Ron Paul: Romney should release more tax returns
Updated: 2:09 p.m.
(CBS News) With pressure building on Mitt Romney to release more of his past tax returns, Ron Paul on Tuesday added his voice to the chorus of people - including some Republicans - who say Romney should just bite the bullet and release the returns, according to Politico.
"Politically, I think that would help him," said Paul, Romney's former Republican presidential rival, in an interview with Politico. "In the scheme of things politically, you know, it looks like releasing tax returns is what the people want."
Democrats and the Obama campaign have relentlessly hammered Romney in recent days for his decision to make public just two years' worth of returns in the lead-up to November's election, collectively releasing a slew of campaign videos Tuesday questioning Romney's motives.
"Romney admits that over the last two years he's paid less than 15 percent in taxes on $43 million in income," a narrator intones in a new ad from the Obama campaign. "Makes you wonder if some years he paid any taxes at all."
An ad from the DNC released Tuesday also suggested that the content of Romney's tax returns -- many of which John McCain had access to when he was vetting Romney to be his running mate -- were so damaging that it dissuaded McCain from choosing him as his VP.
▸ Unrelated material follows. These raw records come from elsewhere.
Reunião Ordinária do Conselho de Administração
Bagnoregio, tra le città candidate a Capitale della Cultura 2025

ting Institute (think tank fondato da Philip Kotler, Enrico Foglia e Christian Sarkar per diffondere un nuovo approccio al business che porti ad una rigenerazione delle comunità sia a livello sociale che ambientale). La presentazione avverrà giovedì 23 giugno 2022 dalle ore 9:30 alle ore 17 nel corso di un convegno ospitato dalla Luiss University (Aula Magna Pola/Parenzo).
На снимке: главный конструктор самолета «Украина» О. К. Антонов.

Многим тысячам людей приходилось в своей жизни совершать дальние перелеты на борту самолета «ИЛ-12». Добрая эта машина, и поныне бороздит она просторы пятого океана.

McCain dismissed that notion Tuesday, telling Politico that Palin was merely a "better candidate."
Asked if the Romney's tax history had disqualified him from the running, McCain said "of course not."
"I don't know what depths these people won't reach. Obviously, it's just outrageous. That's just outrageous. It shows the - it's so disgraceful for them to allege something that they have absolutely no knowledge of," he said in the Politico interview. "We thought that Sarah Palin was the better candidate."
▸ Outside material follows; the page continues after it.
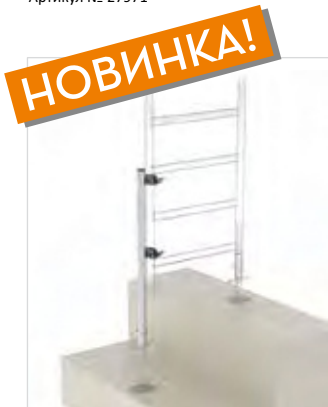
Артикул № 70506

The Obama campaign was quick to seize on Paul's remarks Tuesday, blasting the Politico article out in a mass email.
Paul is not the only Republican politician to urge Romney to reconsider his position- former Mississippi Governor Haley Barbour is among them - but the former Massachusetts governor suggested Tuesday he had no plans to change course.
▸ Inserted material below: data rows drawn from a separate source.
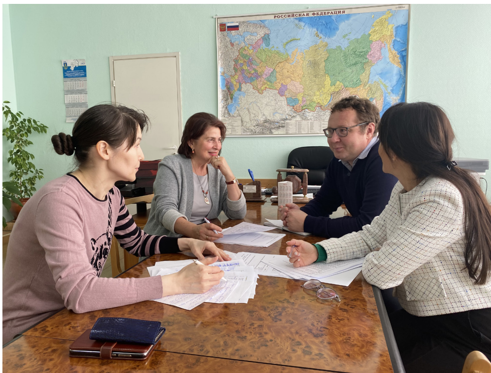
Рис. 1. Работа научного коллектива.

РАН (ИСЭИ УФИЦ РАН), кандидатом социологических наук, и Э.И. Ахметовой, научным сотрудником ИСЭИ УФИЦ РАН (рис. 1).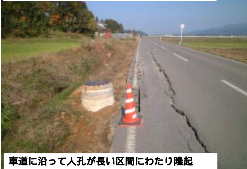
車道に沿って人孔が長い区間にわたり隆起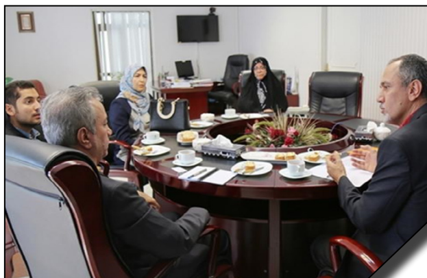
حضور سفیر جمهوری اسلامی ایران در غنا در دانشگاه الزهرا (س) و دیدار با رئیس دانشگاه

"My tax returns that have already been released number into the hundreds of pages. And we will be releasing tax returns for the most current year as soon as those are prepared," he told the National Review in a Tuesday interview. "In the political environment that exists today, the opposition research of the Obama campaign is looking for anything they can use to distract from the failure of the president to reignite our economy. And I'm simply not enthusiastic about giving them hundreds or thousands of more pages to pick through, distort, and lie about."